ACLS Humanities E-Book XML Conversion Experiment: Report on Workflow, Costs, and User Preferences

The American Council of Learned Societies has released ACLS Humanities E-Book XML Conversion Experiment: Report on Workflow, Costs, and User Preferences.

Here's an excerpt:

In 2008, ACLS Humanities E-Book (HEB)—a subscription-based online collection of over 2,200 digital titles in the humanities—undertook an experiment to investigate the possibility of a future mass conversion of e-books preexisting in a scanned, page-image format into XML-encoded files. . . .

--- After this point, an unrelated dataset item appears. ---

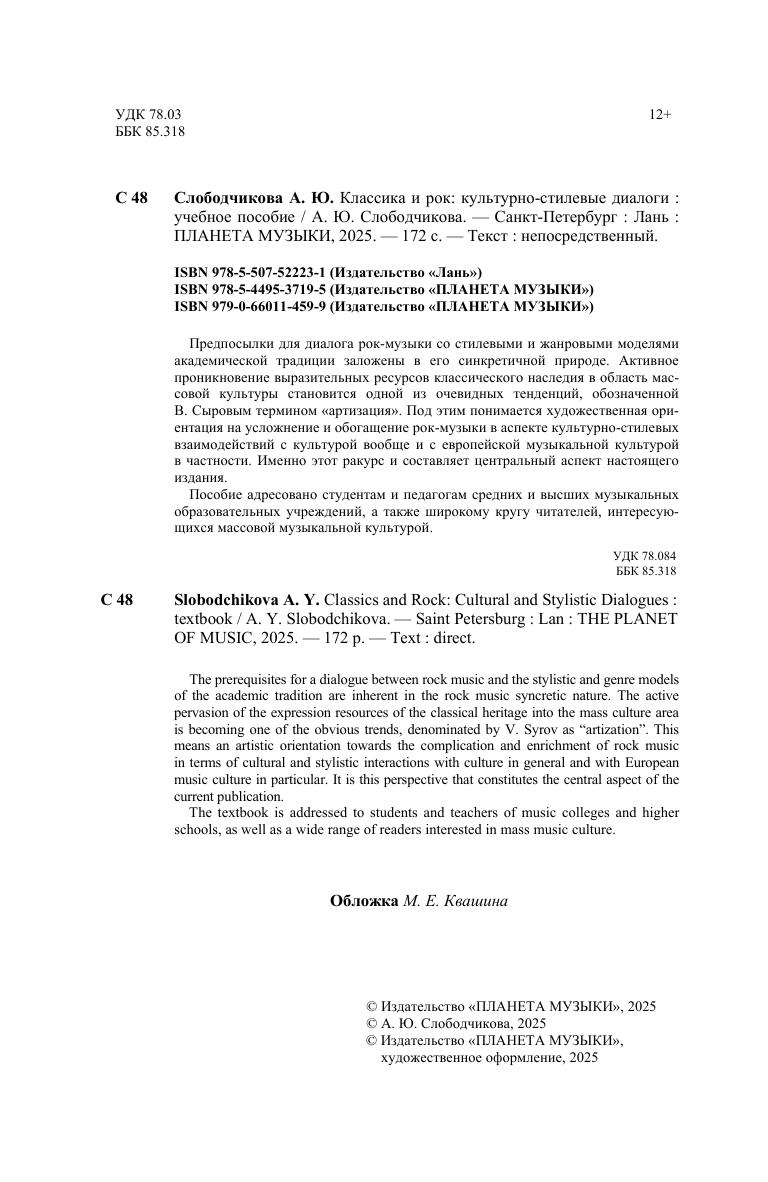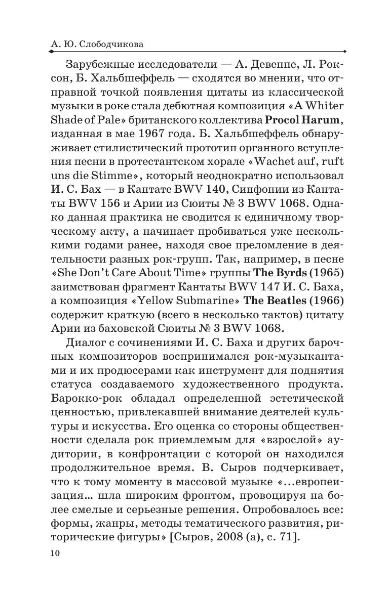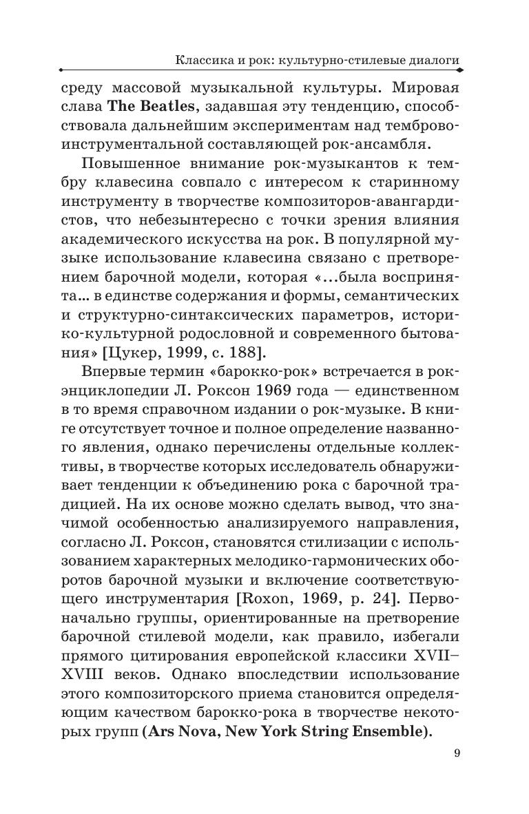 Предпосылки для диалога рок-музыки со стилевыми и жанровыми моделями академической традиции заложены в его синкретичной природе. Активное проникновение выразительных ресурсов классического наследия в область массовой культуры становится одной из очевидных тенденций, обозначенной В. Сыровым термином «артизация». Под этим понимается художественная ориентация на усложнение и обогащение рок-музыки в аспекте культурно-стилевых взаимодействий с культурой вообще и с европейской музыкальной культурой в частности. Именно этот ракурс и составляет центральный аспект настоящего издания. Пособие адресовано студентам и педагогам средних и высших музыкальных образовательных учреждений, а также широкому кругу читателей, интересующихся массовой музыкальной культурой. The prerequisites for a dialogue between rock music and the stylistic and genre models of the academic tradition are inherent in the rock music syncretic nature. The active pervasion of the expression resources of the classical heritage into the mass culture area is becoming one of the obvious trends, denominated by V. Syrov as “artization”. This means an artistic orientation towards the complication and enrichment of rock music in terms of cultural and stylistic interactions with culture in general and with European music culture in particular. It is this perspective that constitutes the central aspect of the current publication. The textbook is addressed to students and teachers of music colleges and higher schools, as well as a wide range of readers interested in mass music culture.

HEB had 20 sample page-image titles from its backlist converted to XML, using OCR-derived text files that had been created during the initial scanning process to enable searching. The books were tagged using a simplified version of HEB's standard specifications, to reduce the need for editorial intervention. . . . The cost of creating the XML titles was considerably greater than that associated with scanning (about $400 versus $170 per title).

The XML books were presented in the HEB collection side by side with their page-image counterparts. Despite any conversion-related flaws, our subsequent user survey indicated that readers preferred the XML format by a margin of about two to one, the most relevant factors cited in this regard being readability, accessible text, and additional features and functions not available in the page-image version.